Further, the second computing circuit unit includes a multiplexer circuit signal connected to the bioelectrical impedance measurement unit, a voltage-controlled current source circuit signal connected to the multiplexer circuit, and a digital analog circuit signal connected to the voltage-controlled current source circuit , an instrumentation amplifier circuit signal is connected to the multiplexer circuit, a filter and automatic gain control circuit signal is connected to the instrumentation amplifier circuit, a modulator signal is connected to the filter and automatic gain control circuit, and a microcontroller signal is connected to the adjustment Transformer and the digital analog; through the microcontroller to control the digital analog to generate a sine wave, the voltage control The control current source circuit then outputs a current to the multiplexer circuit according to the sine wave, and selectively introduces it into the human body through the bioelectrical impedance measurement unit and the electrode unit, and the electrical impedance signal fed back from the human body is obtained from the The multiplexer circuit obtains an electrical impedance value through the instrumentation amplifier circuit, the filter and automatic gain control circuit, and the modulator signal processing, and then inputs it into the microcontroller for analysis to obtain the muscle mass parameter.

Further, the second computing circuit unit includes a multiplexer circuit signally connected to the bioelectrical impedance measurement unit, an integrated circuit chip signally connected to the multiplexer circuit, and a microcontroller signally connected to the integrated circuit chip; The multiplexer circuit is controlled by the microcontroller to selectively introduce a current into the human body through the bioelectrical impedance measurement unit and the electrode unit, and the electrical impedance signal fed back from the human body is transmitted from the multiplexer The circuit is processed by the integrated circuit chip to obtain an electrical impedance value, which is then input to the microcontroller for analysis to obtain the muscle mass parameter.

Further, the third operational circuit unit includes an amplifier signal connected to the electromyographic signal measurement unit, a high/low pass filter signal connected to the amplifier, an adjustable gain and translation circuit signal connected to the high/low pass filter, And a microcontroller signal is connected to the adjustable gain and translation circuit; the electromyographic signal measurement unit passes the electromyographic signal through the amplifier, the high/low pass filter and the adjustable gain and translation circuit through the electrode unit After the signal is processed, it is input to the microcontroller for filtering, calculation and analysis, so as to obtain the muscle strength parameter of the human body.

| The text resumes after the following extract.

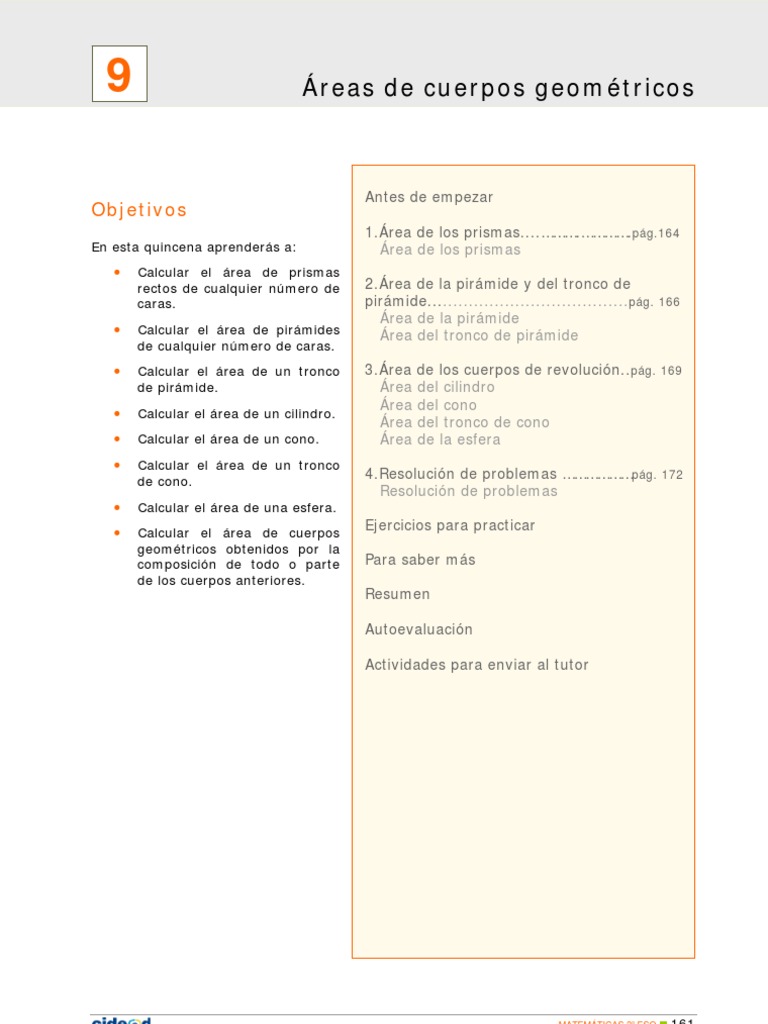 Calcular el rea de prismas rectos de cualquier nmero de caras. Calcular el rea de pirmides de cualquier nmero de caras. Calcular el rea de un tronco de pirmide. Calcular el rea de un cilindro. Calcular el rea de un cono. Calcular el rea de un tronco de cono. Calcular el rea de una esfera. Calcular el rea de cuerpos geomtricos obtenidos por la composicin de todo o parte de los cuerpos anteriores.

According to the above-mentioned technical characteristics, the following effects can be preferably achieved:

1. With the help of body measurement parameters, movement parameters, muscle strength parameters and muscle mass parameters, the evaluation parameters of muscle strength are obtained by computer or artificial intelligence model, so as to avoid the inaccuracy of a single parameter and improve the accuracy of muscle strength evaluation. Save manpower and time of doctors.

2. When the movement is performed, the computer displays the movement situation, or the computer and/or the muscle strength evaluation device sends out a prompt when the movement is completed, making it easier for the user to operate.

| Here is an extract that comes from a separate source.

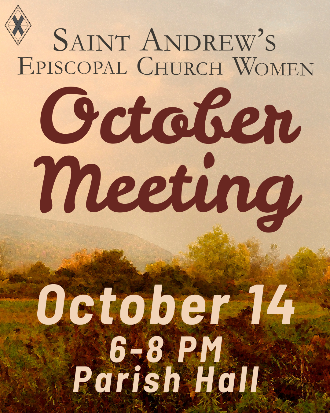 On Tuesday, October 14, ECW (Episcopal Church Women) will meet at 6 PM in the Parish Hall. Fr. Gary and Cheryl Banks will join us to share about Saint Andrew's Catechesis of the Good Shepherd Ministry, and we will enjoy a soup bar dinner with breads and dessert.
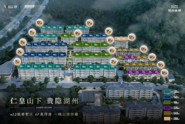 产品规划:293套山居洋房,6套揽山叠墅,19户现代东方合院

3. The muscle strength assessment device can be directly tied to the human body with fasteners to allow the built-in electrodes to contact the human body, or to contact the human body through external electrodes, which is convenient for users to choose according to their needs.

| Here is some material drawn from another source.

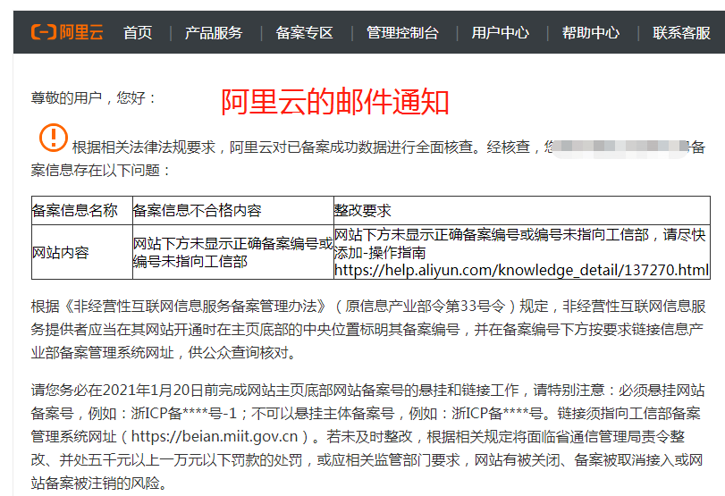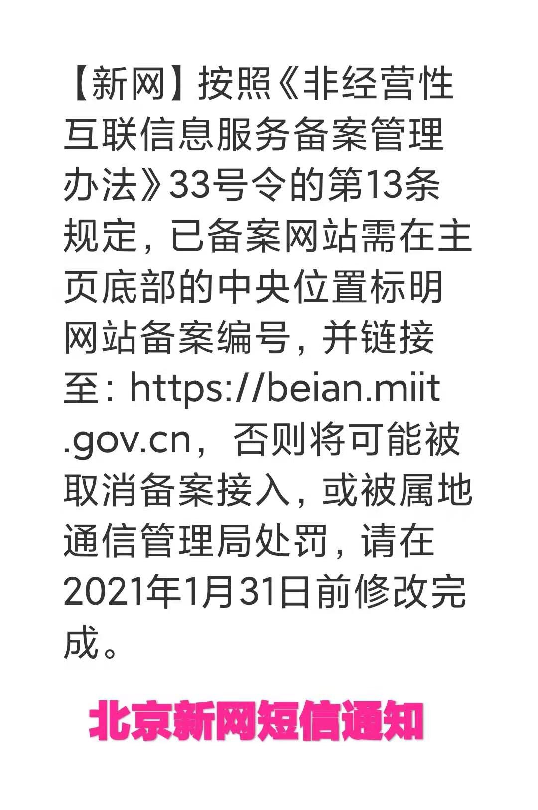請您務(wù)必在2021年1月20日(各接入商要求整改的時(shí)間不完全一致,大體在2021年1月下旬)前完成網(wǎng)站主頁(yè)底部網(wǎng)站備案號的懸掛和鏈…

4. Not only the assessment of sarcopenia, athletes, the elderly, and even ordinary people can quickly use the muscle strength assessment method to assess their own muscle strength.

5. The computer can be connected to the server to obtain the evaluation parameters of muscle strength, or the evaluation parameters can be obtained directly on the computer in a stand-alone mode, without having to connect to the server every time.

6. Integrating the inertial signal measurement unit, bioelectrical impedance measurement unit and myoelectric signal measurement unit in the same muscle strength evaluation device not only simplifies the measurement steps, reduces the overall system volume, but also greatly improves the efficiency of muscle strength evaluation convenience.

1,1a: Muscle strength assessment device

11: Housing

12: Inertial signal measurement unit

13: Port

14,14a: Electrode unit

141: Built-in electrode

1411: EMG electrode

1412: Reference electrode

142: External electrode

1421a: the first external electrode

1422a: second external electrode

15: Communication unit

16: Power supply unit

17: Prompt unit

18,18a: Bioelectrical impedance measurement unit

19: EMG measurement unit

2: Fasteners

3: computer

4: Server

41:Artificial intelligence model

42: Database

5: The first arithmetic circuit unit

51,51a: microcontroller

6,6a: The second arithmetic circuit unit

61,61a: multiplexer

62: Voltage controlled current source circuit

63:Digital Analog Device

64: Instrumentation amplifier circuit

65: Filtering and automatic gain control circuit

66:Modulator

67a: Integrated circuit chip

7: The third arithmetic circuit unit

71: Amplifier

72: High/Low Pass Filter

73: Adjustable gain and translation circuit

A: Human body

B: Body Measurement Parameters

C: action parameters

D: Muscle mass parameters

E: Muscle strength parameters

F: Evaluation parameters

[The first figure] is a three-dimensional appearance view of the muscle strength evaluation device according to the first embodiment of the present invention.

[The second figure] is a three-dimensional appearance view of the muscle strength evaluation device of the first embodiment of the present invention in another direction.

[The third figure] is the implementation schematic diagram 1 of the first embodiment of the present invention, showing that the muscle strength evaluation device is combined with the human body by fasteners.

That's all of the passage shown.